**Work required**
Transcribe the data verbatim and drop its images.

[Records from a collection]
===============

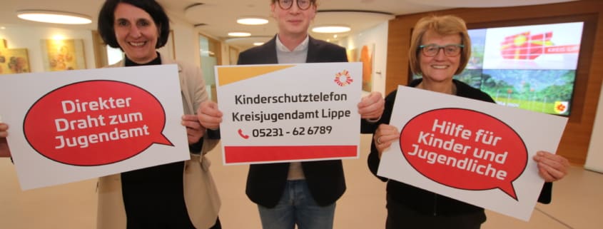 „Mit diesem Angebot geht der Fachbereich Jugend und Familie des Kreises Lippe einen weiteren wichtigen Schritt, um Heranwachsende zu schützen“, sagt Landrat Dr. Axel Lehmann. „Kinder haben ein Recht darauf, geborgen und gesund aufzuwachsen. Das zu gewährleisten, ist unser Auftrag“, ergänzt Dr. Olaf Peterschröder, zuständiger Verwaltungsvorstand beim Kreis Lippe. Doch damit die Mitarbeiterinnen und Mitarbeiter des Jugendamts überhaupt Hilfe leisten und Probleme lösen können, sind sie in vielen Fällen auf Hinweise aus der Bevölkerung angewiesen. Daher richtet sich das „Kinderschutztelefon“ sowohl an Kinder und Jugendliche als auch an Fachkräfte sowie alle Bürgerinnen und Bürger, die sich Sorgen um das Wohl von Kindern und Jugendlichen in den zwölf kreisangehörigen Städten ohne eigenes Jugendamt (also ausgenommen Detmold, Bad Salzuflen, Lemgo und Lage) machen. „Unser Leitsatz dabei lautet: Jedes Kinderschutzanliegen kommt an“, betont Ulrike Glathe, Leiterin des Fachbereichs Jugend und Familie.
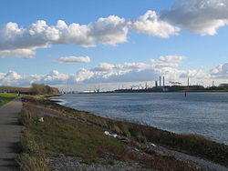 The Nieuwe Waterweg, which opened in 1872 and has a length of approximately 20.5 kilometres (12.7 mi), was constructed to keep the city and port of Rotterdam accessible to seafaring vessels as the natural Meuse-Rhine branches silted up.[1] The Waterway is a busy shipping route since it is the primary access to one of the busiest ports in the world, the Port of Rotterdam. At the entrance to the sea, a flood protection system called Maeslantkering has been installed (completed in 1997). There are no bridges or tunnels across the Nieuwe Waterweg.
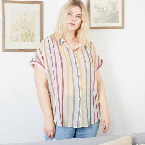 Women S Plus Size Striped Short Sleeve Collared Blouse Ava Viv
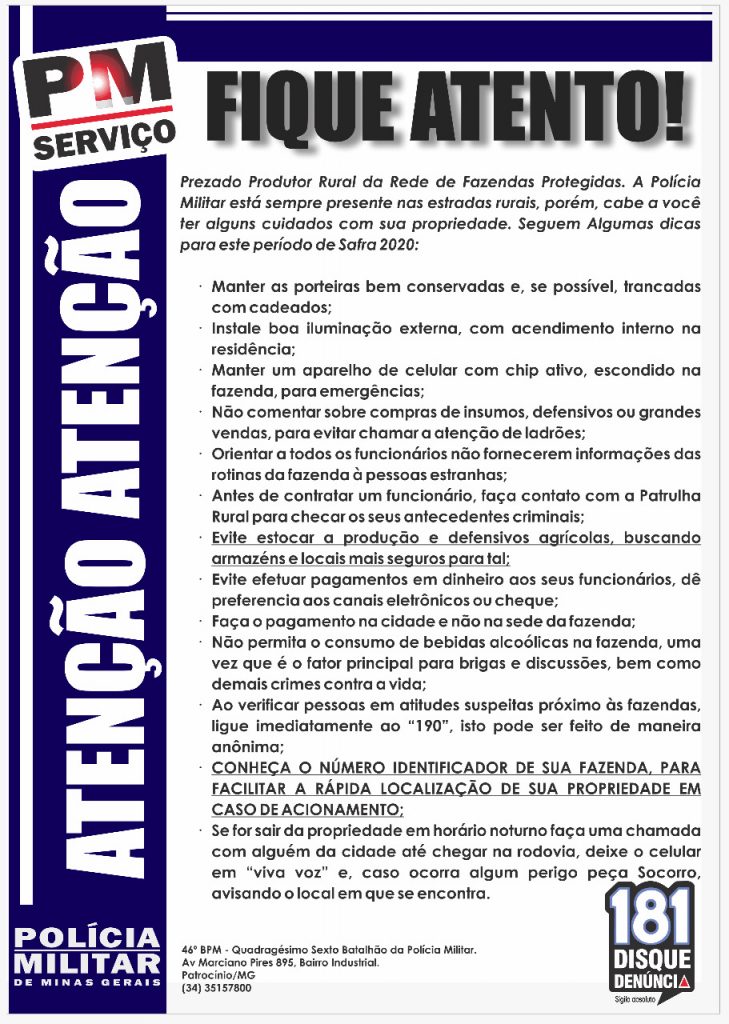 A Polícia Militar de Minas Gerais alerta aos produtores rurais para os riscos durante o período de safra e passa algumas orientações a serem seguidas em relação aos cuidados com a propriedade.
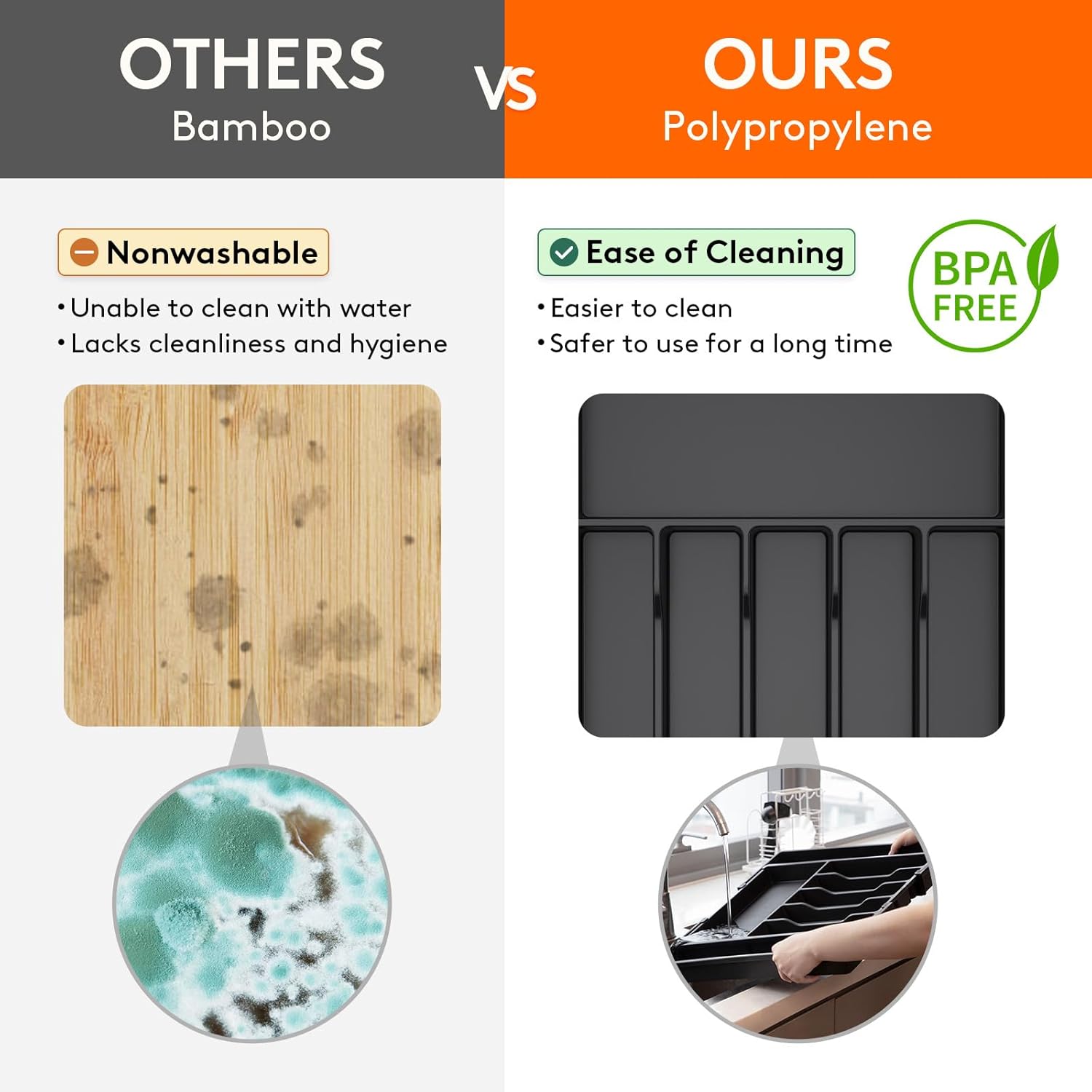 • Robust and Safe: This kitchen drawer organizer is crafted from premium PP material, BPA-free and built to last. It ensures your silverware is stored in a healthy, safe environment for worry-free use

===============

**Task solution**
 „Mit diesem Angebot geht der Fachbereich Jugend und Familie des Kreises Lippe einen weiteren wichtigen Schritt, um Heranwachsende zu schützen“, sagt Landrat Dr. Axel Lehmann. „Kinder haben ein Recht darauf, geborgen und gesund aufzuwachsen. Das zu gewährleisten, ist unser Auftrag“, ergänzt Dr. Olaf Peterschröder, zuständiger Verwaltungsvorstand beim Kreis Lippe. Doch damit die Mitarbeiterinnen und Mitarbeiter des Jugendamts überhaupt Hilfe leisten und Probleme lösen können, sind sie in vielen Fällen auf Hinweise aus der Bevölkerung angewiesen. Daher richtet sich das „Kinderschutztelefon“ sowohl an Kinder und Jugendliche als auch an Fachkräfte sowie alle Bürgerinnen und Bürger, die sich Sorgen um das Wohl von Kindern und Jugendlichen in den zwölf kreisangehörigen Städten ohne eigenes Jugendamt (also ausgenommen Detmold, Bad Salzuflen, Lemgo und Lage) machen. „Unser Leitsatz dabei lautet: Jedes Kinderschutzanliegen kommt an“, betont Ulrike Glathe, Leiterin des Fachbereichs Jugend und Familie.
 The Nieuwe Waterweg, which opened in 1872 and has a length of approximately 20.5 kilometres (12.7 mi), was constructed to keep the city and port of Rotterdam accessible to seafaring vessels as the natural Meuse-Rhine branches silted up.[1] The Waterway is a busy shipping route since it is the primary access to one of the busiest ports in the world, the Port of Rotterdam. At the entrance to the sea, a flood protection system called Maeslantkering has been installed (completed in 1997). There are no bridges or tunnels across the Nieuwe Waterweg.
 Women S Plus Size Striped Short Sleeve Collared Blouse Ava Viv
 A Polícia Militar de Minas Gerais alerta aos produtores rurais para os riscos durante o período de safra e passa algumas orientações a serem seguidas em relação aos cuidados com a propriedade.
 • Robust and Safe: This kitchen drawer organizer is crafted from premium PP material, BPA-free and built to last. It ensures your silverware is stored in a healthy, safe environment for worry-free use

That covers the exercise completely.